Describe how oxidation-reduction reactions are important in cells, providing an example.
The potential energy contained in fuel molecules is released when the molecules lose
electrons, becoming oxidized. The electrons released from a molecule that is oxidized
are gained by another molecule becoming reduced. These are coupled reactions,
therefore one cannot happen without the other. During cellular respiration, redox
reactions basically transfer this bond energy in the form of electrons from glucose to
molecules called electron carriers. So an electron carrier is basically a molecule that
transports electrons during cellular respiration.

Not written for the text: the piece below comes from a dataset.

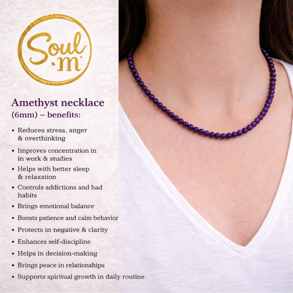 - Promotes Calmness and Relaxation: Amethyst is known for its calming energy, which helps reduce stress, anxiety, and tension, encouraging a peaceful state of mind.
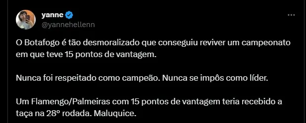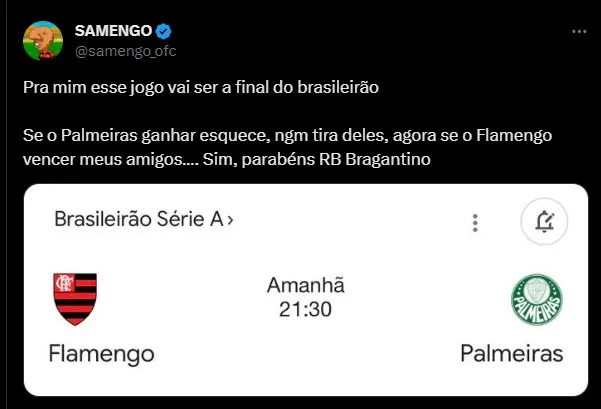 E como ficará o Palmeiras em caso de derrota? O time de Abel precisará secar novamente o Botafogo e também Grêmio e Bragantino. Vale destacar que um revés para o Flamengo, ainda botará o adversário na briga pelo título de novo.

By using electron carriers, energy
harvested from glucose can be temporarily stored until the cell can convert the energy
into ATP.
Explain, at a general level, the role of ATP in metabolism. [Comprehension]
ATP plays the role of providing a direct source of energy for cells to use. Cells store
energy in the form of ATP since they require a constant supply of energy and cannot
store energy as free energy. A living cell cannot store significant amounts of free energy.
Excess free energy would result in an increase of heat in the cell, which would lead to
excessive thermal motion that could damage and then destroy the cell. Rather, a cell
must be able to handle that energy in a way that enables the cell to store energy safely
and release it for use as needed. Living cells accomplish this by using the compound
adenosine triphosphate (ATP) . ATP is often called the "energy currency" of the cell and
can be used to fill any energy need of the cell.
Relate anabolic and cataoli pathas i a orgais’s etaolis. [Aalsis]
Anabolic Pathway Uses energy (endergonic). Uses simple molecules to build more
complex ones e.g. protein Synthesis
Catabolic Pathway releases energy (exergonic). Breaks down complex molecules into
simpler compounds e.g. starch broken down into glucose molecules.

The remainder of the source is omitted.